# What you'll learn

After watching this video, you'll be able to **explain the concept of sampling and logging**.

# Need for Sampling

![image.png](attachment:bf692872-eb55-4e34-8872-1ac704a16c4e.png)

* In Cloud environments and software systems, you may have large-scale applications deployed across multiple instances.
* These applications may generate a high volume of logs, which can become challenging to handle efficiently.
* Sampling and the logging infrastructure can help to optimize log processing and reduce costs.

![image.png](attachment:3c82658c-39cd-43ba-9a58-d686e7876e02.png)

* Sampling and logging is a practice of collecting only a subset of log events for analysis or storage.
* Instead of logging every single event or piece of data, a subset is selected at random or by some other criteria for recording.
* This can help reduce the amount of storage required for log data and make it easier to manage and analyze.

# Sampling strategies

![image.png](attachment:d1e30457-3de3-49c5-a2b7-e743f2bdc230.png)

Sampling strategies refer to the techniques used to select a subset of log records for analysis and storage.

There are several sampling strategies commonly used in logging.

* The **time-based sampling** selects log records at fixed time intervals, such as every minute or every hour.
* The **size-based sampling** technique selects log records based on their size, such as selecting only records that exceed a certain threshold.
* The **random sampling** technique randomly selects log records from a larger set for analysis.
* The **event-based sampling** technique selects log records based on specific events such as errors or warnings.
* Finally, the **weighted sampling** technique assigns weights to log records based on their importance or relevance, and then samples accordingly.
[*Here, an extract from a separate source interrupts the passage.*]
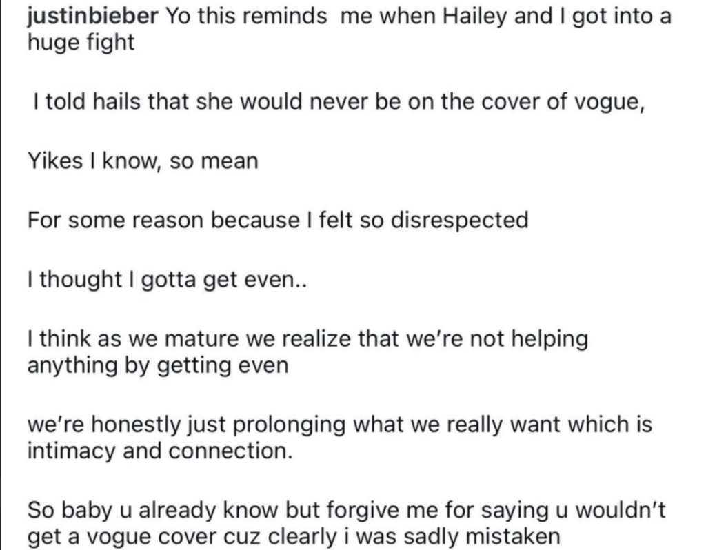"Jao, ovo me podseća na vreme kada smo se Hejli i ja žestoko posvađali. Rekao sam Hejli da nikada neće biti na naslovnoj strani Voga. Jao, znam, baš sam zloban. Mislim da kako sazrevamo, shvatamo da ne pomažemo ništa time što se osvetimo. Iskreno, samo produžavamo ono što zaista želimo, a to je intimnost i povezanost. Pa, dušo, već znaš, ali oprosti mi što kažem da nećeš dobiti naslovnu stranu Voga jer sam očigledno mnogo pogrešio."
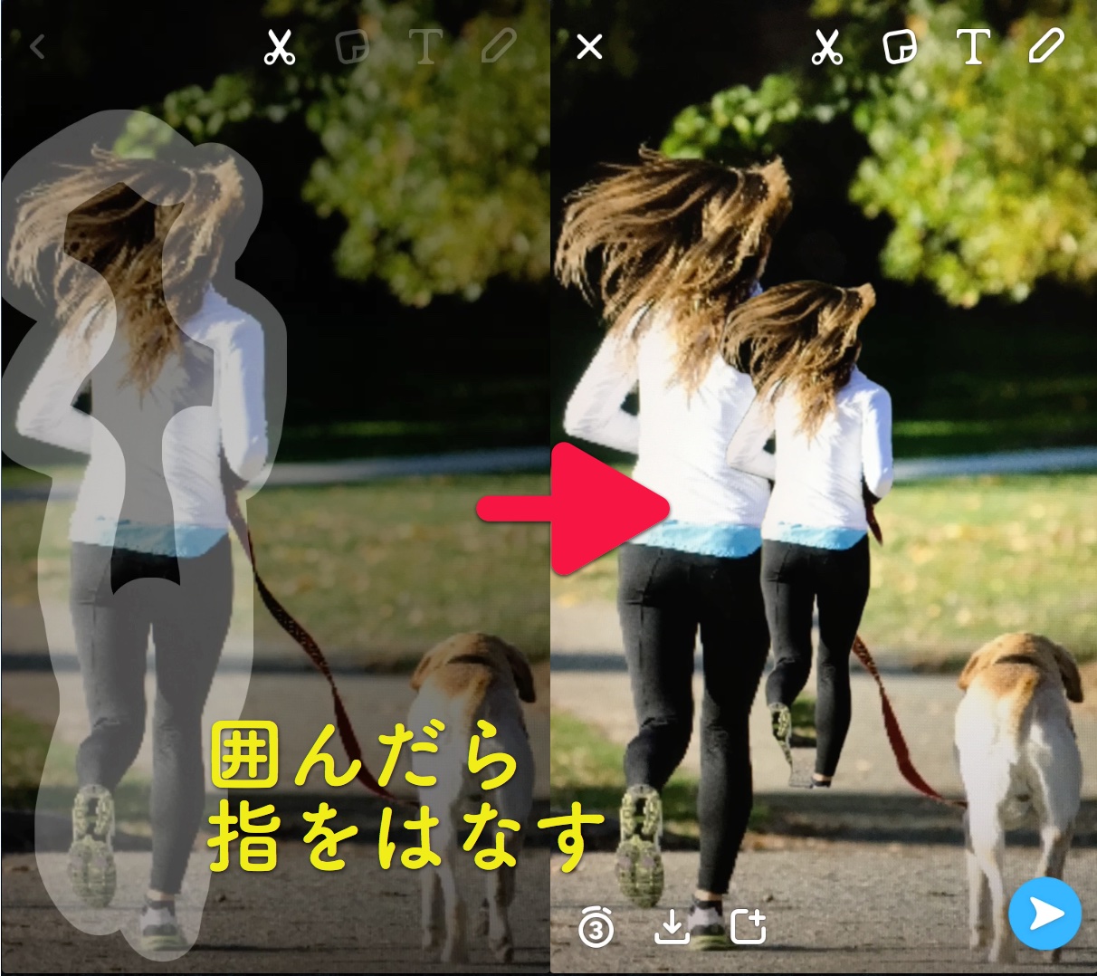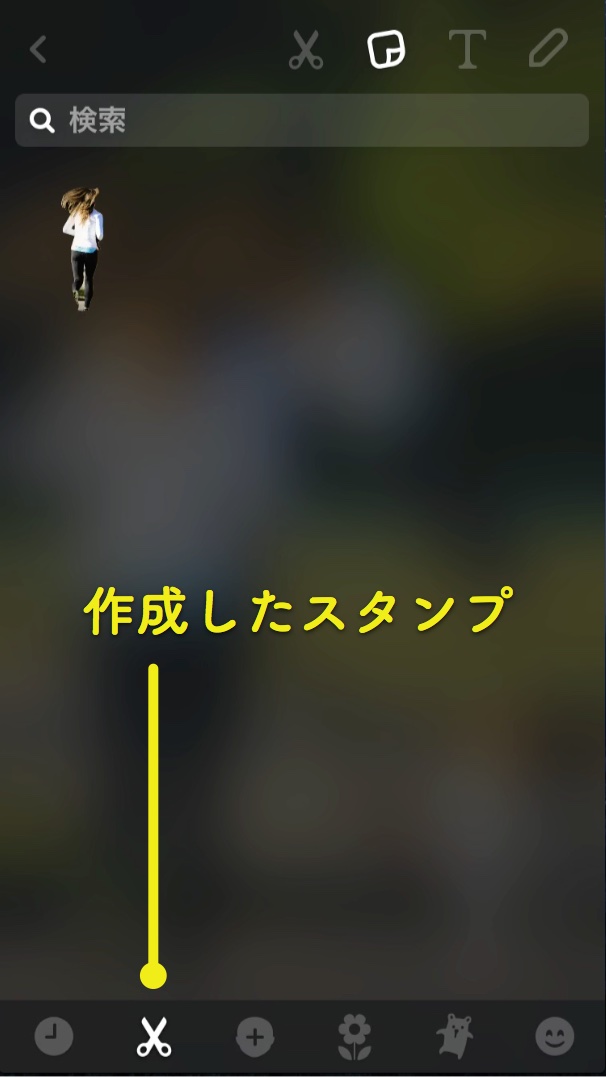 オブジェクトを囲み終わったら、ドラッグしていた指をはなします。 すると画面上に、囲んだオブジェクトがスタンプとなって表示されます!

It is important to carefully consider which strategy is most appropriate for your needs before implementing it in your logging system.


# Examples of sampling

![image.png](attachment:48ea8115-4a6a-4be0-b65e-dda6132c5bc7.png)

Let's explore a few examples of how sampling can be used in observability to gain insights into system performance and identify potential issues.
* **CPU sampling** is about sampling the CPU usage of an application at regular intervals to determine its performance characteristics.
* **Network packet sampling** is about collecting a sample of network packets flowing through the network to identify issues with the network traffic.
* **Sampling tracing data** from distributed systems helps in identifying bottlenecks and other issues.
* **Log sampling** is about collecting logs from various sources across the system, sampling them for analysis and identifying unusual trends or patterns.
* **Error rate sampling** is about identifying and sampling errors generated by an application to trace down critical issues that need immediate attention.
* **User behavior sampling** is about analyzing user behavior through sampling data such as click streams, mouse movements, and other user interactions to improve the user experience.


# Advantages of sampling in observability

![image.png](attachment:14c4541b-53d9-4696-8f3c-a0f047795940.png)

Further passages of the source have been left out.